How to implement a CRC32 module

The Cyclic Redundancy Check (CRC32) can be used as a checksum to detect the accidental alteration of data during transmission or storage. It is used in Ethernet packets to verify the content and detect errors. It is a common belief that CRC32 is best implemented manually in hardware. There are most certainly optimized CRC32 Verilog modules for FPGAs and ASIC in every Ethernet controller. However, CRC32 is a good use-case for using "C-to-Verilog". It demonstrates usage of memory ports and pipelining of loops.
This code is derived from Zlib:

/* crc32.c -- compute the CRC-32 of a data stream
 * Copyright (C) 1995-1996 Mark Adler
 * For conditions of distribution and use, see copyright notice in zlib.h 
 */

typedef unsigned long ulong;

ulong crc32(ulong crc, unsigned char* buf, ulong offset, ulong len, ulong *crc_table) {
    crc = crc ^ 0xffffffffL;
    for (unsigned int i=0; i<len; i++) {
        crc = crc_table[(crc ^ buf[offset + i]) & 0xff] ^ (crc >> 8);
    }
    return crc ^ 0xffffffffL;
}

CRC32 has an 8-bit lookup table (for 32-bit) words. In our code we declared it as a parameter. This means that this memory will be stored on an external BRAM on your FPGA. As a rule, look-up tables should reside on external BRAMs unless their content can be expressed in logical gates. In our CRC32 module we added an offset parameter. This parameter was added for a reason. We plan to use our function from other C functions and only then synthesize them into hardware. If we want to verify the CRC32 of an Ethernet packet then, we will need to instruct the function to look at the packet in an offset. Since we cannot "cast" pointers to array locations on "C-to-Verilog.com" we will have to pass the function two parameter. The first is the arrays, and the second is the offset of the packet within the array.
You can use this function in your code in addition to other methods if you add "static inline" before the function. This will ensure that the code will be inlined into one module.

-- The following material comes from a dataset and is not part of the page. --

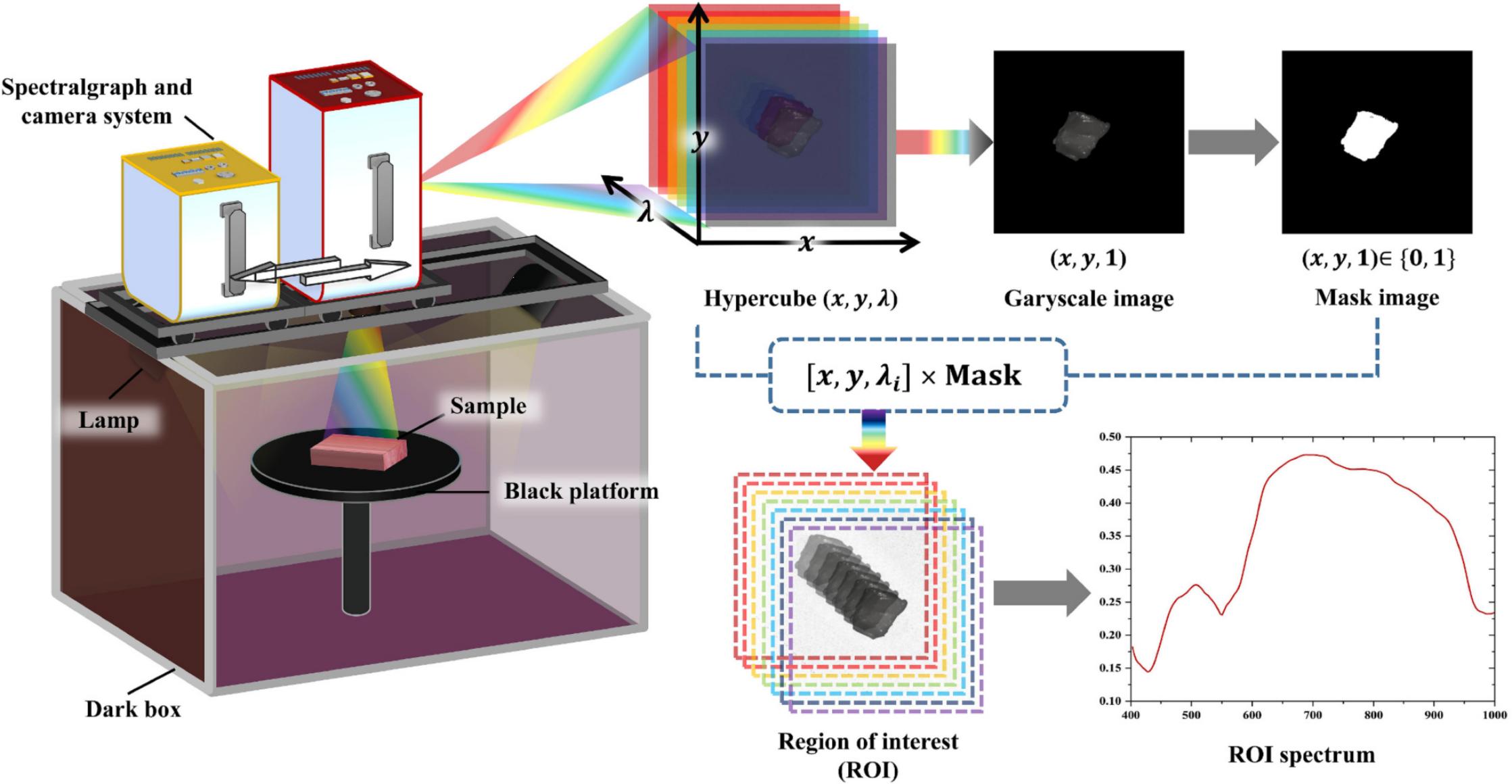 該研究從廣州當(dāng)?shù)厥袌?chǎng)隨機(jī)購(gòu)買了100只新鮮的雞胸脯肉,用無(wú)菌刀具從雞胸脯肉中心切下約30mm×30mm×20mm的立方體,共得到240個(gè)新鮮雞肉樣品。然后,將所有樣品均單獨(dú)放置在無(wú)菌一次性塑料盒中并貼上標(biāo)簽。最后,將樣品儲(chǔ)藏在4℃的環(huán)境下,在儲(chǔ)藏的第0、2、4、6、8、10、12和14天隨機(jī)抽取了30個(gè)樣品用于高光譜圖像采集和其對(duì)應(yīng)的理化值(TVB和TVC)測(cè)定。其中,利用了GaiaField-Pro-V10E型和GaiaField-Pro-N17E型高光譜相機(jī)采集了不同儲(chǔ)藏期雞肉樣品的高光譜圖像,使用圖像處理技術(shù)提取了雞肉樣品區(qū)域的平均光譜數(shù)據(jù),光譜數(shù)據(jù)提取流程如圖1所示。

How to sort the content of a BRAM

If you want to sort the content of a BRAM, you need to write "C" code in exactly the same way as you would on a CPU. On an FPGA, you would need to connect the BRAM to the first memory port. The second parameter in the code below, N, will be passed to the module and will indicate the range to sort.
Notice that the swap will be twice as fast if you assign two memory ports to the BRAM. However, this code cannot be pipelined and will be mostly serial. If you want to implement a parallel sort then you will need to use several arrays with different memory ports for each of them. This code implements "Bubble sort", which is efficient only for very small sizes.

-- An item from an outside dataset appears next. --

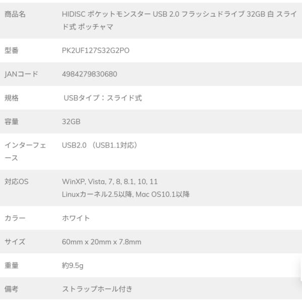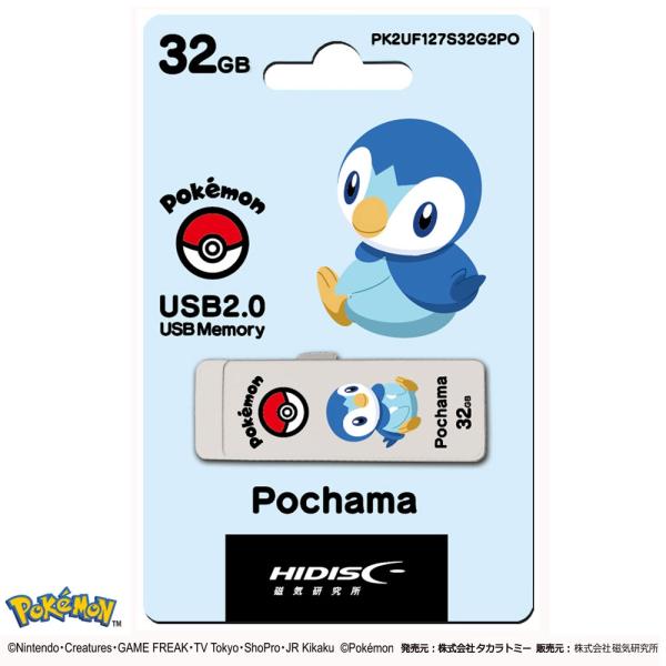 USBメモリ 32GB ポケットモンスター ポッチャマ USB2.0 HIDISC ハイディスク スライド式 かわいい ポケモン ホワイト PK2UF127S32G2PO ◆メ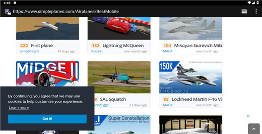 3、随后会跳转到浏览器内,你可以看到各种型号的飞机

 void bubble_sort(unsigned int ar[], unsigned int n) {
    unsigned int i,j;
    unsigned int temp;
    //sort!
    for (i=0;i<n;i++) {
        for (j=0;j<n-1;j++) {
            if (ar[j] > ar[j+1]) {
                // swap
                temp = ar[j+1];
                ar[j+1] = ar[j];
                ar[j] = temp;
            }
        }
    }
}

How to parse Ethernet packets

Ethernet (IEEE 802.3) is a family of network protocols, and writing software for parsing Ethernet packets and synthesizing it into hardware can save you time. The same idea can be implemented with other protocols such as IP or UDP (which have similar headers). The TCP/IP protocol is more complicated and the use of an external core or CPU is preferred. In the code below, we defined two functions. The first function checks if the header of the Ethernet packet is correct. It looks only at the preamble and the delimiter of the packet. You can add code to examine the source and destination fields. It's easy to do it in C code. If the packet header is correct, the second function will calculate the packet size and if the size is reasonable then it will copy the data into the 'decoded' buffer. C-to-Verilog will create a module from this C code. Notice that you can easily use the CRC32 function from the previous HOW-TO to verify the content of this packet.

// Offsets of fields inside IEEE 802.3 Packet
#define MAC_SRC 8  	// MAC source
#define MAC_DST 14 	// MAC destination
#define MAC_LEN 20 	// Packet Length
#define MAC_PAYLOAD 22 	// Packet payload
// Protocol constants (ETH header)
#define MAC_PREAMBLE 170
#define MAC_DELIM    171

#define MAX_PACKET_SIZE 1500

#define ERROR 1
#define OKAY  0

typedef unsigned char octate;

static inline int assert_packet_header(octate* packet) {
    for (int i=0; i<7; i++) if (packet[i] != MAC_PREAMBLE) return ERROR;
    if (packet[7] != MAC_DELIM) return ERROR;
    return OKAY;
}

// This method is the entry point to the module. Our module will strip only one
// Ethernet packet, starting at raw_offset. You can write another C function
// to call this function several times over a buffer of packets. 
int strip_one_packet(octate* raw, unsigned int raw_base, octate* decoded, unsigned int decoded_base) {

    if (assert_packet_header(raw)) return ERROR; //Error in packet header

    // Read the packet size
    unsigned int packet_len = (raw[raw_base + MAC_LEN]<<8 )
        + raw[raw_base + MAC_LEN +1]; 

    // We do not support jumbo packets
    if (packet_len > MAX_PACKET_SIZE) return ERROR; 

    // Copy the content of the package into the "decoded" port
    for (int i=0; i<packet_len; i++) {
        decoded[decoded_base++] = raw[raw_base + MAC_PAYLOAD + i]; 
    }
    return OKAY;
} 

How to implement Hadamard Transform

Hadamard transform (Also known as Walsh-Transform) is a generalized class of Fourier transforms. It decomposes an arbitrary input vector into a superposition of Walsh functions. This function is used in signal processing, data compression and video compression applications (MPEG-4). The code below is from the NVidia CUDA SDK. In order to get the best results, assign multiple memory ports to the arrays. This will enable C-to-Verilog to perform multiple reads and multiple writes on each cycle.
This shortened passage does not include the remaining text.